Why Should I Trust You? The Case for Explainable AI

Mayur GajareResearcher at Vesper Labs7 min read

Imagine being denied a loan, a job interview, or a medical treatment by a system that will not say why. The decision might even be correct, but something in us refuses to accept a verdict with no reasons behind it. That refusal is not stubbornness. It is the heart of why explainable AI matters.

Accuracy is not enough

An accurate model that cannot explain itself is a problem in any setting where decisions affect people. Without a reason, you cannot check the decision, you cannot catch the bias hiding inside it, and the person on the receiving end cannot contest it. Correct and unaccountable is not good enough when the stakes are human.

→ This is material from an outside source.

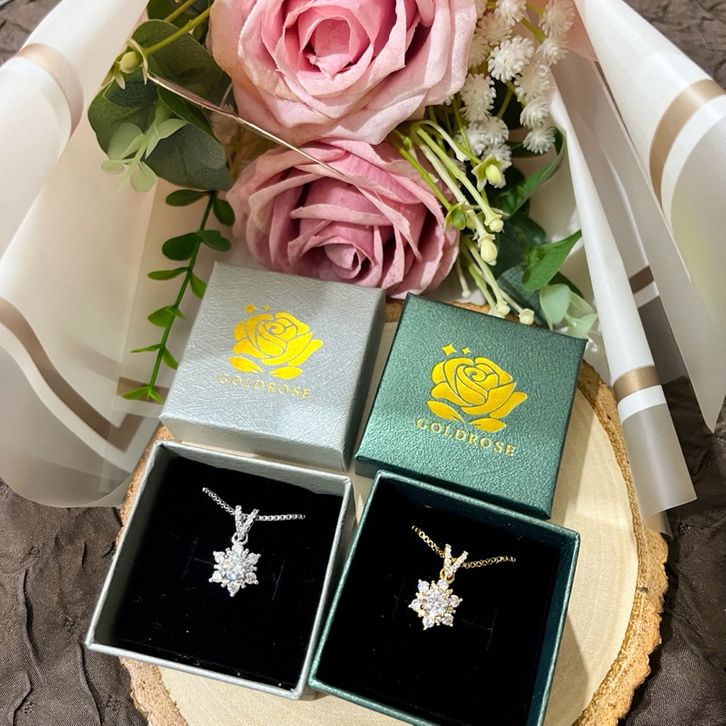 Kalungg Titanium SNOWFLAKE Lapis Ems 18 k ANTI KARAT crystal swarovski perhiasan lontin hadiah wanita

A decision no one can explain is a decision no one should be forced to accept, however accurate it claims to be.

What explanation makes possible

  • Trust, because people can see the reasoning rather than being told to have faith.
  • Accountability, because a reason can be questioned, audited, and corrected.
  • Better models, because an explanation often reveals a flaw the score alone would hide.

There is sometimes a tension between the most accurate model and the most explainable one. In high-stakes domains, that trade is often worth making, because a slightly less powerful system that people can understand and challenge is more useful than a black box they are simply asked to obey. Explanation is not a nicety. It is how AI earns the right to decide.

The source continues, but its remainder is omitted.